A summary of:
Szerszynski, B. (2005). Nature, Technology and the Sacred: Religion and Spirituality in the Modern World. Blackwell Publishing: Oxford.
Chapter 3: Nature, Science and the Death of Pan
One of Szeryszynski’s missions is to argue against a functionalist understanding of history; that, for example, “the course of history from the birth of Christianity to modern technology and widespread environmental problems proceeds with an inexorable logic” (31). On the contrary, our world is a confluence of forces which when combined produce results that no one could predict in advance. “I argued,” he writes, “that scientific ideas of nature are a product of the contingent, branching trajectory of the Western sacred, rather than a timeless set of truths which were simply waiting in the wings of history for cultural conditions conducive to their discovery” (51). And this is crucial for debunking the myth of disenchantment, because it’s not as if we have ‘arrived’ at some great climax; we are continuing to evolve… so let’s not be so arrogant to think that we’ve finally got it ‘right.’
Let’s also not celebrate particularly if we have succeeded in murdering Pan, the God of nature! Not that we necessarily have, as the author argues that if Pan is dead at all, he died a very slow death; he was not killed in some epiphanic bolt of lightning. In a weird way, in fact, “the ‘disenchantment of nature’ is also the emergence of nature in the modern sense (see Scott, 2003: 8-16)…. Nature as understood by science thus has its own hidden theology. And the ‘disenchantment’ of nature is thus itself a form of enchantment” (47). So the result, in the end, of the schism between modern science and religion, “constituted an intensification of theological reflection in relation to the natural world” (48). But is this ‘nature’ Pan? Not really: “Modernity is thus constituted by a ‘religion of nature’ that changes both religion and nature” (49).
We may be able to see the death of Pan in the move to a monotheistic sacred, but Szerszynski argues that this is simply “a shift within a larger frame, within what might be called the social or personal understanding of nature” (32). To understand this, we have to grasp that “pre-modern nature is best conceived not as divine but as social (Kelsen, 1946; Descola, 1994; Descola and Pálsson, 1996)” (33).
The author’s central argument is that “the transformation of ideas of nature from pre-modern to modern societies is best understood not as dedivinization, disenchantment or secularization but desocializing or depersonalization” (42). The key is in recognizing that pre-modern societies did not see nature as a “separate category of technological relations distinct form the social and the cultural; they were understood using categories and concepts that today we would largely reserve for social relationships, such as reciprocity, intention, action and meaning” (42). What does this imply for my PhD, then? Can we ever reunite these worlds in our heads?

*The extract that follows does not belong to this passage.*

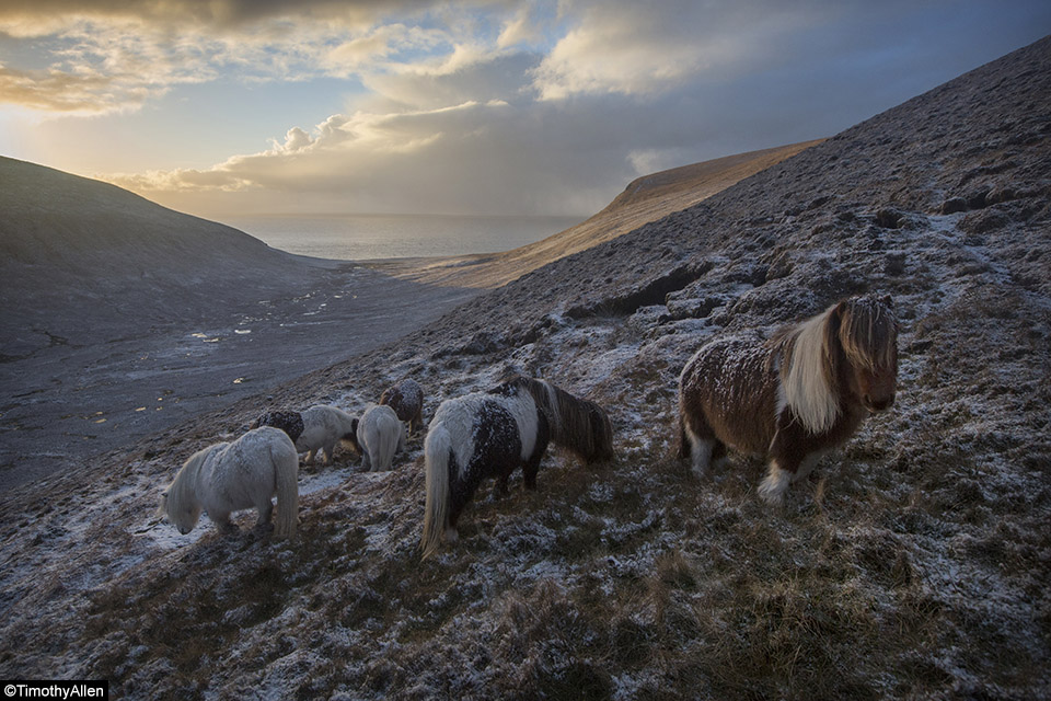 Only 56 people, how remote. Shetland ponies definitely look like they are well adapted for the climate.

Can we put Humpty Dumpty together again after he has broken to bits? Is this, effectively, the scale of what I’m proposing to do?
I think another important takeaway from this chapter has to do with the evolution of ‘meaning’ in our world. Consider that, “Rather than simply being experienced as a wild realm of blind forces indifferent to humans and their concerns, pre-modern cultures experience the world as an already meaningful dwelling place (Ingold, 2000, part 2)” (34). And, as Wertheim also pointed out, there was a shift somewhere along the line where people found meaning in projecting God’s intent or purpose onto nature: “the language of God as “lawgiver” gave way to the idea that the world was ordered, that there were “laws” to be discovered, which motivated scientists “from Descartes to Newton” to pursue the discovery of those laws as evidence of the mind of God” (44).
How different both must have been compared to now, where we seem to require the manufacturing of meaning, most clearly evidenced by our obsessive consumerism and the ‘progress’ of step-wise technological development.